WORK ORDER:
Leaving out the pictures, please reproduce exactly and only the lines from the one that contains "Cumshot on the" through the last line below.

^^^^^^^^^^^^^^^^

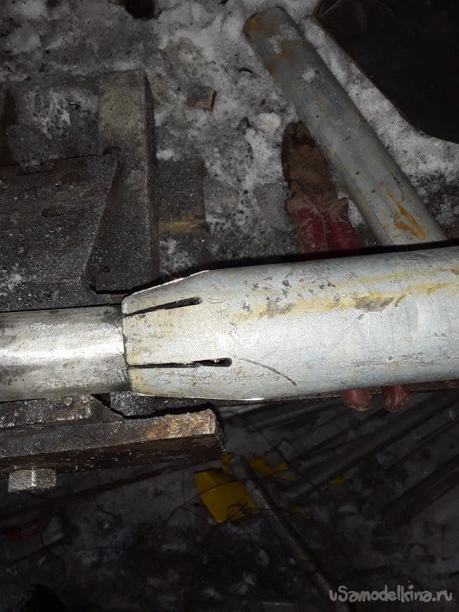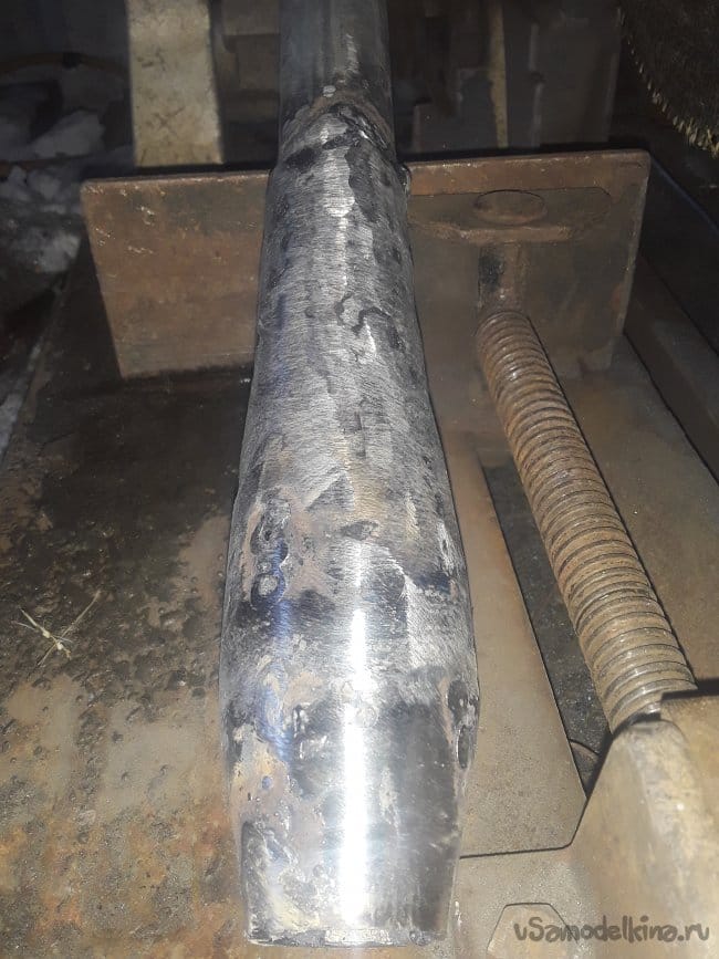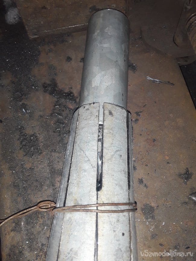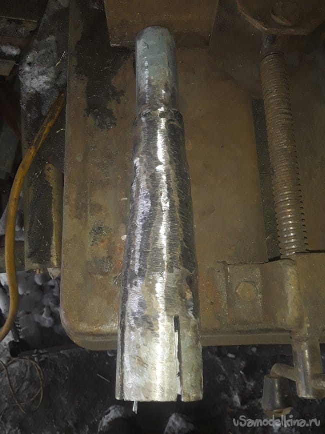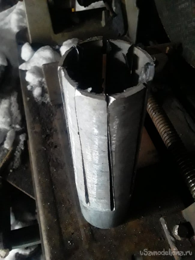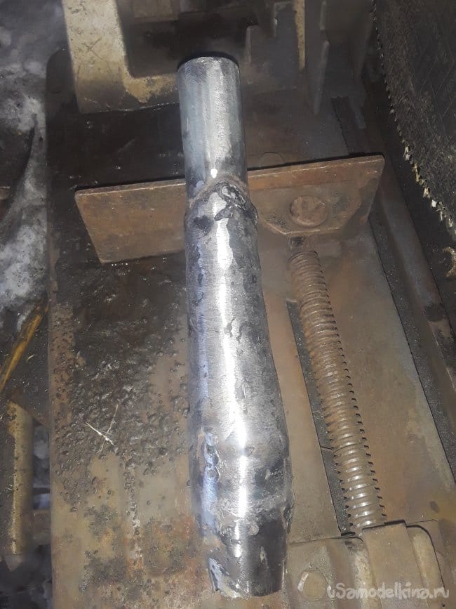 Для основной части горелки взял кусок трубы 40 мм и толщенной 2 мм. Для формирования сужающийся части прорезаю продольные полосы толстым диском оставляя с краю 4 см для формирования сопла. После прорезов аккуратно подбиваю молотком до того как края не встретятся. Для дальнейшего удобства при работе стягиваю все проволокой и еще раз делаю пропилы 3см от края и стягиваю еще раз проволокой так пока не будет заходить плотно 25 мм труба. После всех подгонок провариваю все швы там где прорезал и привариваю 25 мм трубу и отрезаю оставив 10 см кусок. После проварки всех швов приступаю к формированию сопла отступаю от начала прорезей сантиметр, и прорезаю до края толстым диском подбиваю все молотком так, чтобы на выходе внутренний диаметр был 28 мм и так же провариваю все электро сваркой ну вот и все тело горелки готово шлифую все швы болгаркой. Очень много матов выслушал я от себя самого типа какой я "хороший сварщик"" в общем сварка это не моё с горем пополам не раз еще подваривал отверстия, шлифовал и довел до почти хорошего вида.
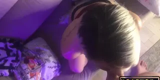 Cumshot on the StepSisters Face she did a Deep Blowjob and Sat on a Vibrator
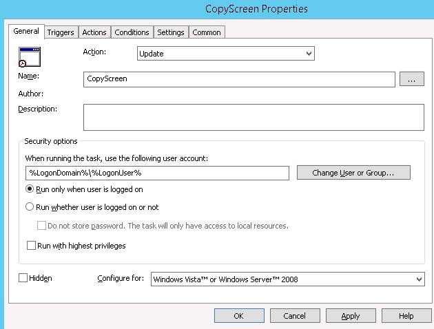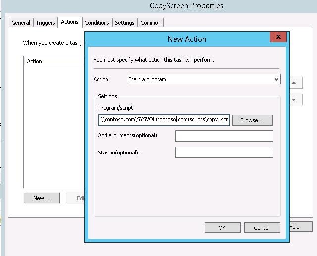 In the Action tab, specify that the following script has to be run: \\contoso.com\SYSVOL\contoso.com\scripts\copy_screens.bat
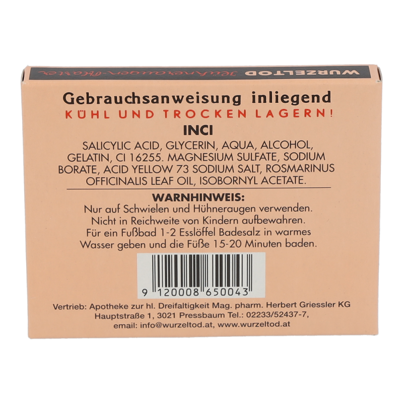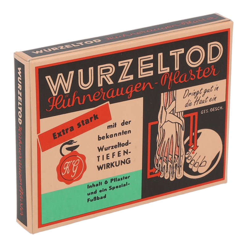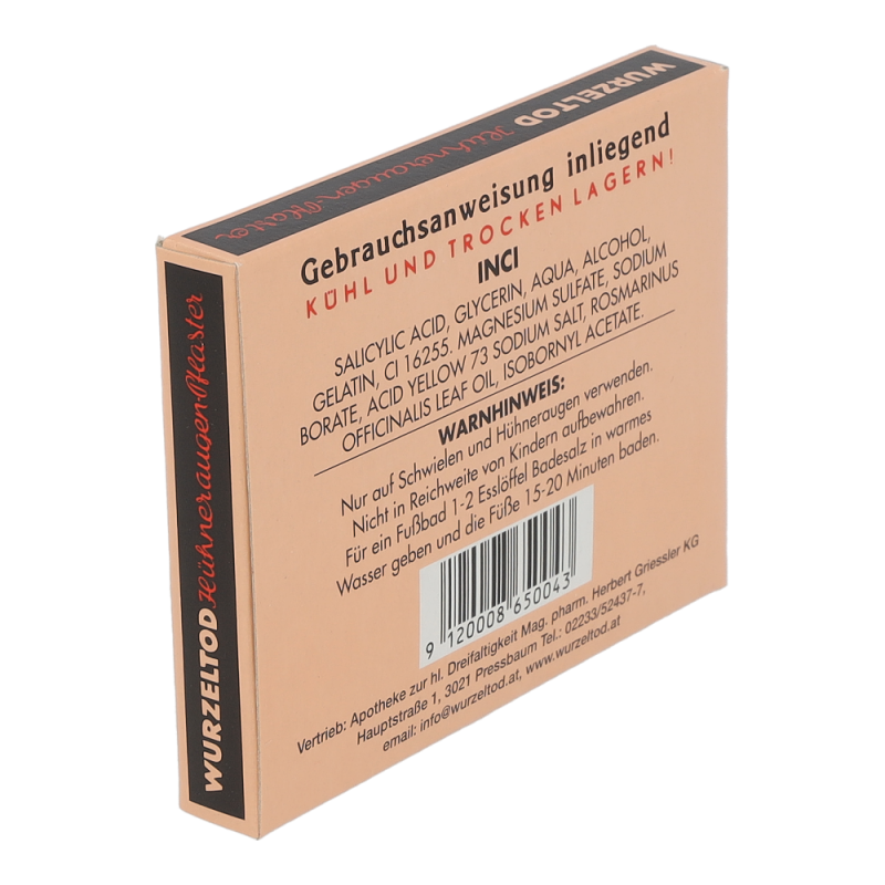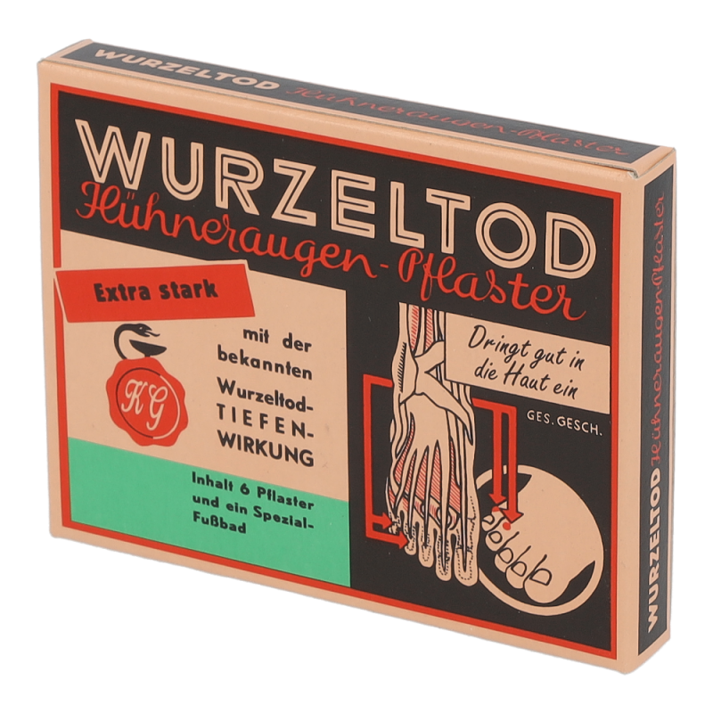 Wurzeltod Kurpackung 6 Pflaster + Bad vereint zwei Klassiker für eine rasche Entfernung des schmerzenden Hühnerauges. In der Wurzeltod Kurpackung befinden sich sechs Hühneraugenpflaster und ein Säckchen Badesalz. So können Sie vor dem Pflasterwechsel den Fuß mit einem Bad verwöhnen und das Ablösen der verhornten Haut fällt noch leichter.
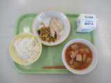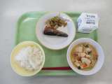 ごはん ぎゅうにゅう あかうおのしおやき チンゲンサイソテー とりにくとじゃがい...
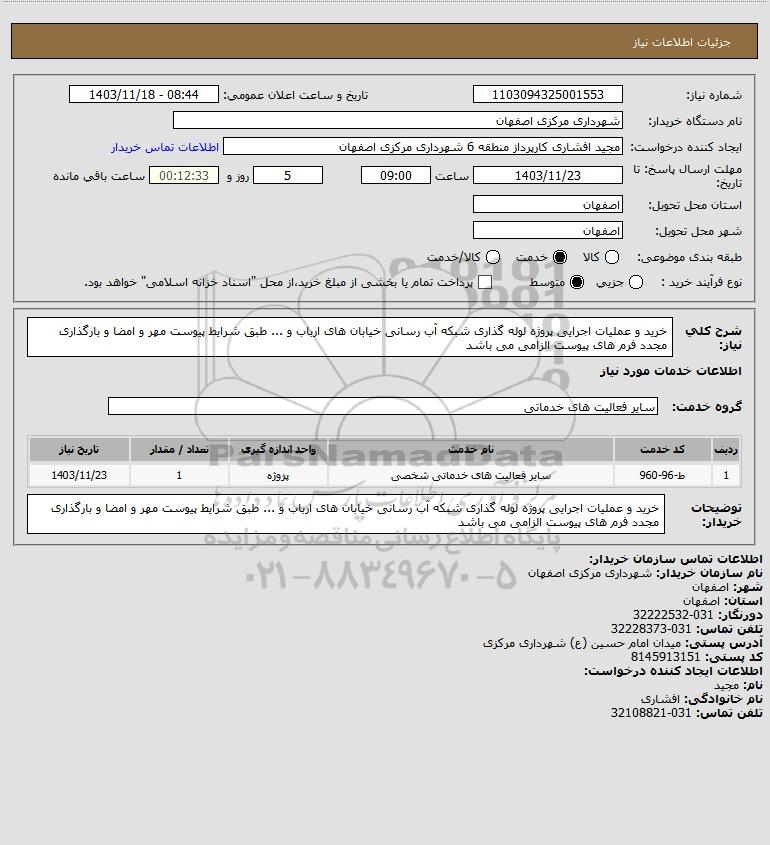 شرح کلی نیاز: خرید و عملیات اجرایی پروژه لوله گذاری شبکه آب رسانی خیابان های ارباب و ... طبق شرایط پیوست
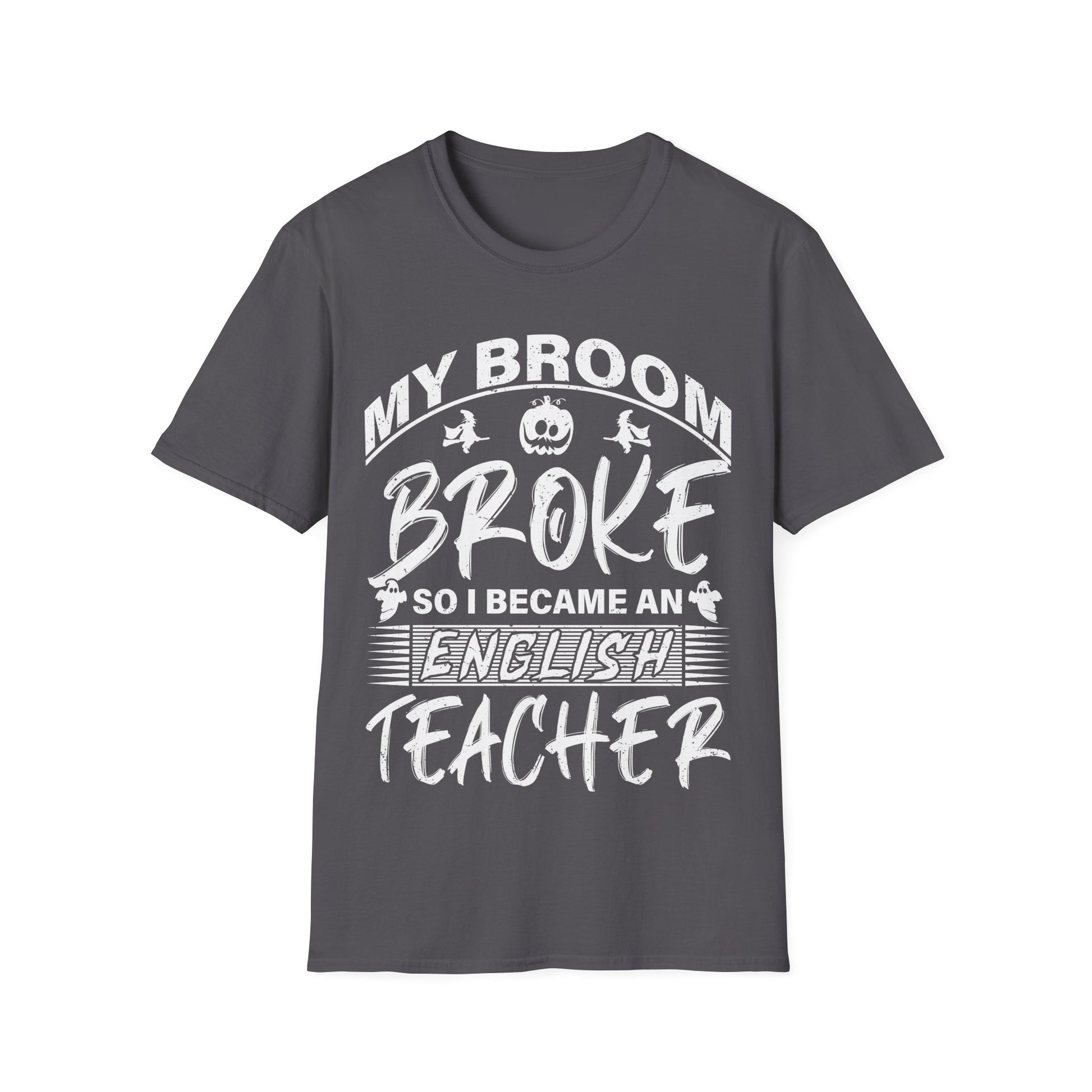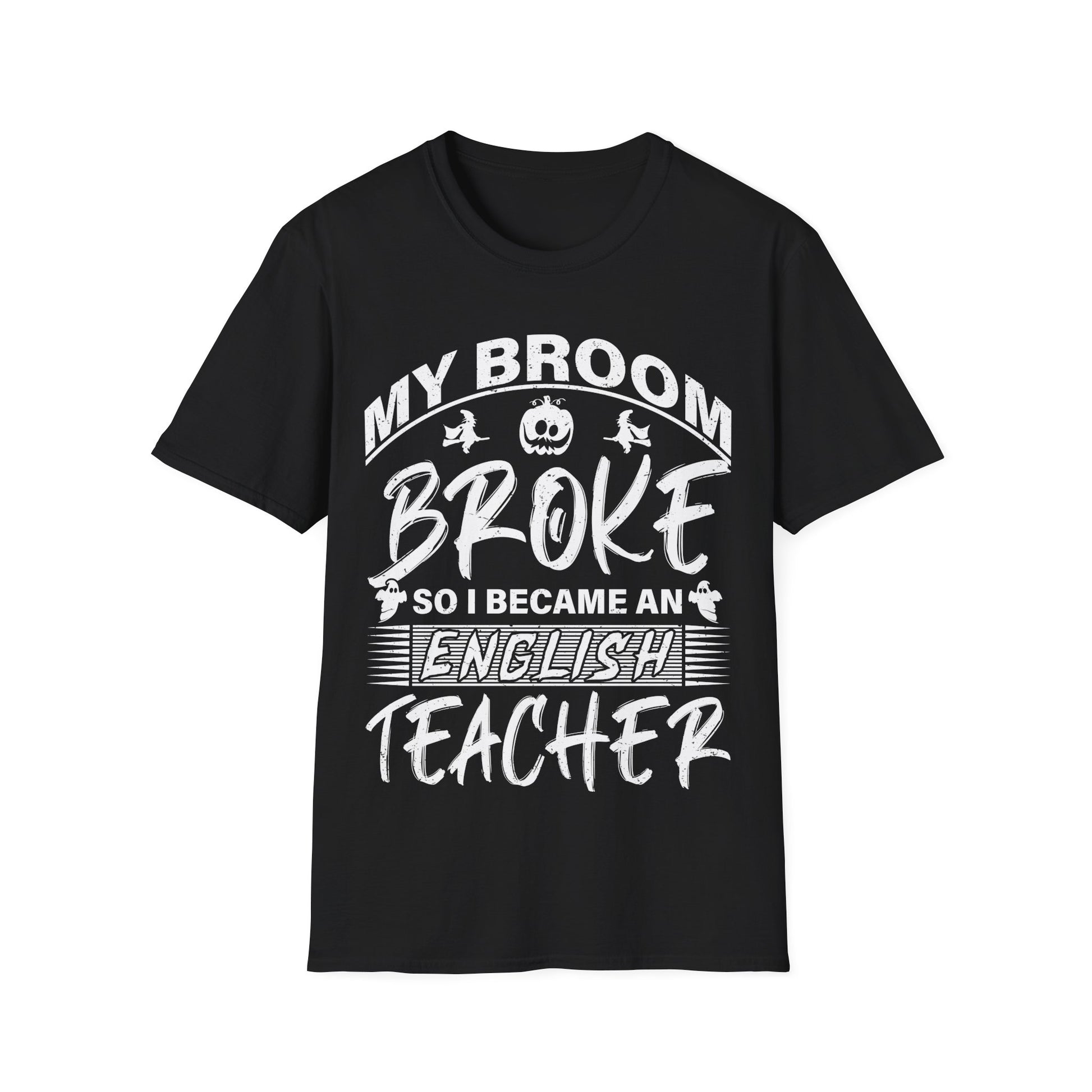 Funny English Teacher Halloween Shirt – My Broom Broke So I Became a Teacher T-Shirt

^^^^^^^^^^^^^^^^

TASK ANSWER:
 Cumshot on the StepSisters Face she did a Deep Blowjob and Sat on a Vibrator
 In the Action tab, specify that the following script has to be run: \\contoso.com\SYSVOL\contoso.com\scripts\copy_screens.bat
 Wurzeltod Kurpackung 6 Pflaster + Bad vereint zwei Klassiker für eine rasche Entfernung des schmerzenden Hühnerauges. In der Wurzeltod Kurpackung befinden sich sechs Hühneraugenpflaster und ein Säckchen Badesalz. So können Sie vor dem Pflasterwechsel den Fuß mit einem Bad verwöhnen und das Ablösen der verhornten Haut fällt noch leichter.
 ごはん ぎゅうにゅう あかうおのしおやき チンゲンサイソテー とりにくとじゃがい...
 شرح کلی نیاز: خرید و عملیات اجرایی پروژه لوله گذاری شبکه آب رسانی خیابان های ارباب و ... طبق شرایط پیوست
 Funny English Teacher Halloween Shirt – My Broom Broke So I Became a Teacher T-Shirt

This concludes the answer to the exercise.